-- Supplied data follows --

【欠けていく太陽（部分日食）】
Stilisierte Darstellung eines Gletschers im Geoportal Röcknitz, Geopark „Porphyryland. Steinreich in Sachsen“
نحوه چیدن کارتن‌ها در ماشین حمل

-- Supplied data concluded --
-- Supplied data follows --

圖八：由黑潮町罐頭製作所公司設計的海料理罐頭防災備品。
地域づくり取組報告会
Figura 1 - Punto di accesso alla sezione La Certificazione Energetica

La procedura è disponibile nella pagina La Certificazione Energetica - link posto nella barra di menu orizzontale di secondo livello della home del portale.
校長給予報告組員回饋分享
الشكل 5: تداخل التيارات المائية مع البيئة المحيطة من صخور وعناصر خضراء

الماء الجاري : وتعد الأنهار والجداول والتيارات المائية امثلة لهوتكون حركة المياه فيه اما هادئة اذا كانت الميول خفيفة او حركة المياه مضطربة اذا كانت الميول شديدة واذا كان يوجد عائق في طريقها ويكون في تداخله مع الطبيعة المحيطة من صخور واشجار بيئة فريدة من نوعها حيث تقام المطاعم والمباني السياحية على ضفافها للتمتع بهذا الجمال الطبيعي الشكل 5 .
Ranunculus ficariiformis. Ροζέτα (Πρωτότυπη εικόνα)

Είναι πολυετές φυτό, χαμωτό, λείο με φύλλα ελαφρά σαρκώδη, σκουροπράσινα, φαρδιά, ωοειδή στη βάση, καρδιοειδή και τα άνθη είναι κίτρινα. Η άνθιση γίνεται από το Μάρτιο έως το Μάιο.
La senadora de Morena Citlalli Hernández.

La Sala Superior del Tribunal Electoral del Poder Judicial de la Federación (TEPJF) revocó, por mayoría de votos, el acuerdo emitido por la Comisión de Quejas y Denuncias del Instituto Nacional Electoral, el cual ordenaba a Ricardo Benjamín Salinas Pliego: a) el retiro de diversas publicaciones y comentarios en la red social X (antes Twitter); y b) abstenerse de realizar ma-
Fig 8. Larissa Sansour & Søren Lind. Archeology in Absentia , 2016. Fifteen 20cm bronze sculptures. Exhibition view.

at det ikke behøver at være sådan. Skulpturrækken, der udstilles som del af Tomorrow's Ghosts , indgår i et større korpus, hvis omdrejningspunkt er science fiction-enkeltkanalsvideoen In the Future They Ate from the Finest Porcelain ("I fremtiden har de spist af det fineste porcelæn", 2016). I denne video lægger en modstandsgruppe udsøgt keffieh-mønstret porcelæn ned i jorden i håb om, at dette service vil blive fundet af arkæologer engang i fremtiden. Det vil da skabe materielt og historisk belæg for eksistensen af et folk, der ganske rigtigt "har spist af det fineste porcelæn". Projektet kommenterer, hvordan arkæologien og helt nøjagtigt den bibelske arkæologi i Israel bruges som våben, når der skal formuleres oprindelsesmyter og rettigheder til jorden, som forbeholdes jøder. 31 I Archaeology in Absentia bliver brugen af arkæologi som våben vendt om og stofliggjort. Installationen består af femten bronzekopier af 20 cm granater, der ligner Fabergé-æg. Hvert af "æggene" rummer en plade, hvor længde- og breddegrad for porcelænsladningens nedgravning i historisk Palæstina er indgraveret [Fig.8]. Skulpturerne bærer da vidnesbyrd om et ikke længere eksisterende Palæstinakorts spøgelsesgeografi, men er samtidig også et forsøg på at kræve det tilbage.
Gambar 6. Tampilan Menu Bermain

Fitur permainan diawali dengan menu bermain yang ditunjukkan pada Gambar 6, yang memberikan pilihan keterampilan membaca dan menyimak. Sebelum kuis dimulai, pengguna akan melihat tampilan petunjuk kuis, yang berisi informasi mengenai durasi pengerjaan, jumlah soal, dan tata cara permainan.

-- Supplied data concluded --
-- Supplied data follows --

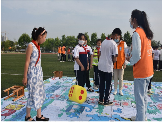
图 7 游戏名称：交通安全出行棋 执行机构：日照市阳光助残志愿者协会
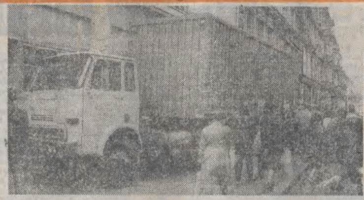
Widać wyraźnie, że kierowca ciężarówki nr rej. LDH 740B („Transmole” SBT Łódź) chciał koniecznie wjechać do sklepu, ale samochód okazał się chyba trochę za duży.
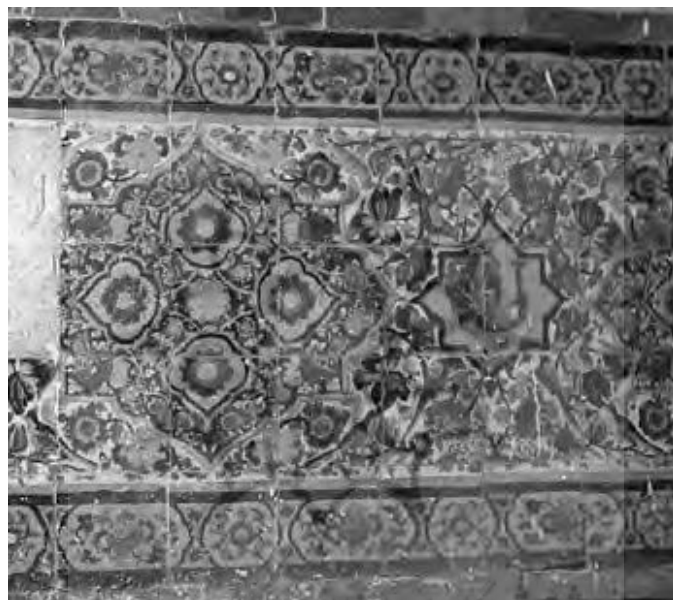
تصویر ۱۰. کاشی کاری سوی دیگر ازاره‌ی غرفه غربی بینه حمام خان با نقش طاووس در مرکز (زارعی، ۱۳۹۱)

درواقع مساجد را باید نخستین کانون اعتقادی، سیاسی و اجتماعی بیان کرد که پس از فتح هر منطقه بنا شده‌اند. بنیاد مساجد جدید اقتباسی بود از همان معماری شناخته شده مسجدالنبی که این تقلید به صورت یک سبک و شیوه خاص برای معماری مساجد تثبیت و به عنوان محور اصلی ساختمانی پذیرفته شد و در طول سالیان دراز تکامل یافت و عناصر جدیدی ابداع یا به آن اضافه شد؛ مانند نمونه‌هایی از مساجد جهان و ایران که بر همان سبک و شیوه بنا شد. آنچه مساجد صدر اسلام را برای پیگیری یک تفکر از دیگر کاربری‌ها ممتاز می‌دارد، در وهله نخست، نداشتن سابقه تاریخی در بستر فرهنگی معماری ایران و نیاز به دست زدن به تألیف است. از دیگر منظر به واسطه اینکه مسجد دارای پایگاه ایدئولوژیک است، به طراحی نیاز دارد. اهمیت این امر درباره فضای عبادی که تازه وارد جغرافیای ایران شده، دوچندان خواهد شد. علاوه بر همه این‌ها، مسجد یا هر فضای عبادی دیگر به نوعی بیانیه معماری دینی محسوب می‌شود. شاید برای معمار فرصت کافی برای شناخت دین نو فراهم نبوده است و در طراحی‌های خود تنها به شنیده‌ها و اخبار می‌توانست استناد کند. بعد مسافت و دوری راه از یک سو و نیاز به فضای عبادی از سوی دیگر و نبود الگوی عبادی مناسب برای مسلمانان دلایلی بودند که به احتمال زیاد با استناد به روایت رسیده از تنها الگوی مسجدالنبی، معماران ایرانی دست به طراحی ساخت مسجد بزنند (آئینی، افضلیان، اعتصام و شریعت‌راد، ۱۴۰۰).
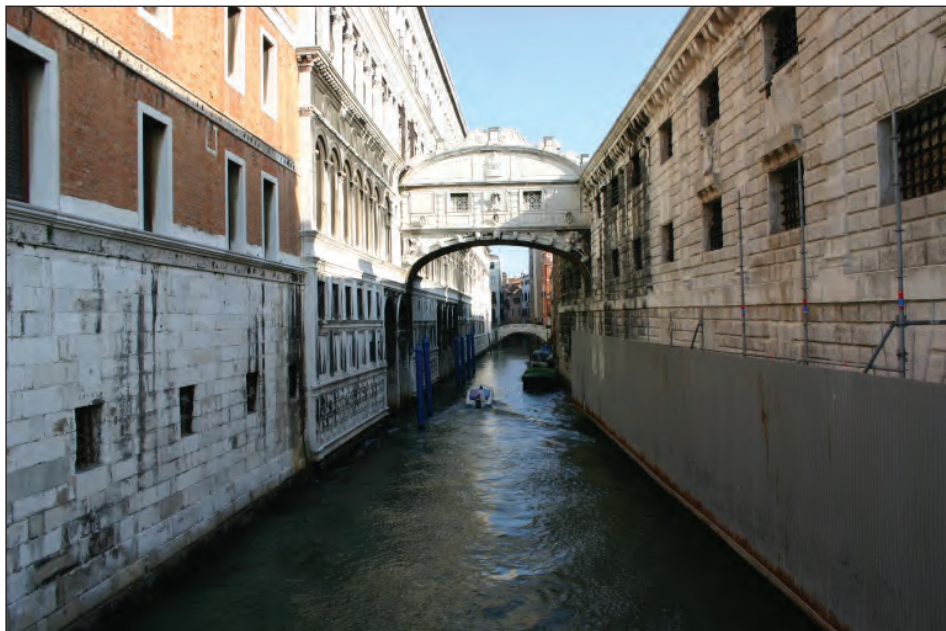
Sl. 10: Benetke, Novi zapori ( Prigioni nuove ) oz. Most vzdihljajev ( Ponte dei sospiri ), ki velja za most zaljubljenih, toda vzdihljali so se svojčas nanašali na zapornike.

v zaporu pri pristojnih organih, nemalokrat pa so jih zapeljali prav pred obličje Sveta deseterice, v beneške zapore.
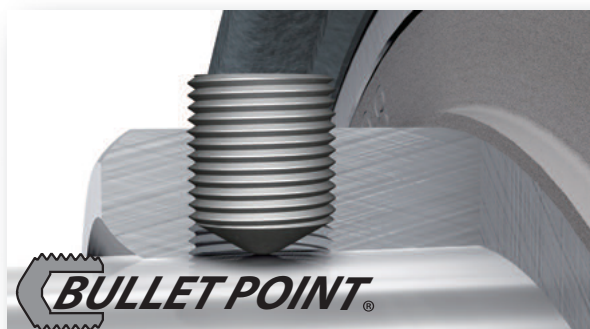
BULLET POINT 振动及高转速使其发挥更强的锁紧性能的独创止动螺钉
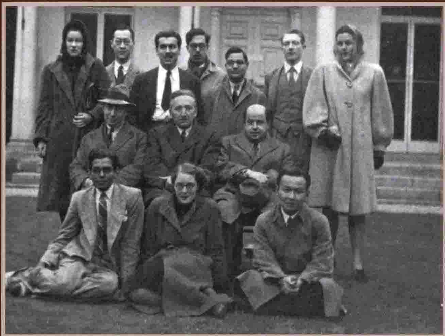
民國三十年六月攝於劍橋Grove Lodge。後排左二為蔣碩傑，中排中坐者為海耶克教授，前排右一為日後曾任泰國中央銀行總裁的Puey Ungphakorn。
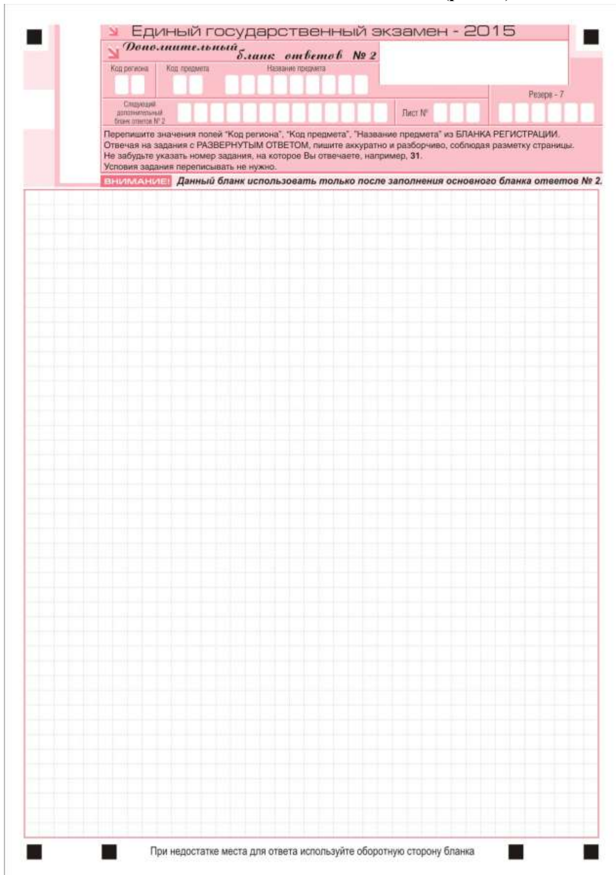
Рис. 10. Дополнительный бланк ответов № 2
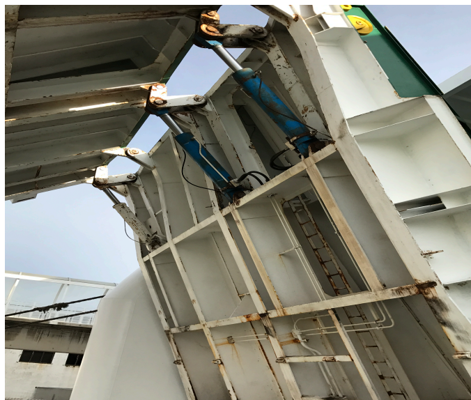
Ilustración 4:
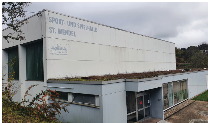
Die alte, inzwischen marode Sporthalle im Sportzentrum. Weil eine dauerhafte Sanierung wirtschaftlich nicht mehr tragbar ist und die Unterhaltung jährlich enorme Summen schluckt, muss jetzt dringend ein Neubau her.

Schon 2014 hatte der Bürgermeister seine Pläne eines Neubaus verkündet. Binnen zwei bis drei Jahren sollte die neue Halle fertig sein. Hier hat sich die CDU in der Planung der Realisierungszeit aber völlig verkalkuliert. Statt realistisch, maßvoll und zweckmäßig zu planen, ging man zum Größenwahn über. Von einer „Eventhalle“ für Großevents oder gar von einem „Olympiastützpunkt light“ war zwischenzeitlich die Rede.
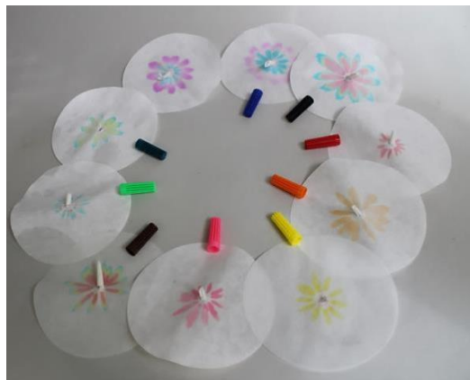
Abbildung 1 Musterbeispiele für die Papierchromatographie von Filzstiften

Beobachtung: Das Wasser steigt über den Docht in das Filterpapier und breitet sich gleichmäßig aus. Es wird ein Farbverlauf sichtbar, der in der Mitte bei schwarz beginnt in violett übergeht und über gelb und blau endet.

-- Supplied data concluded --

**Work required:**
Say how many lines above contain "الشكل", and give no words besides the number.

**Worked solution:**
2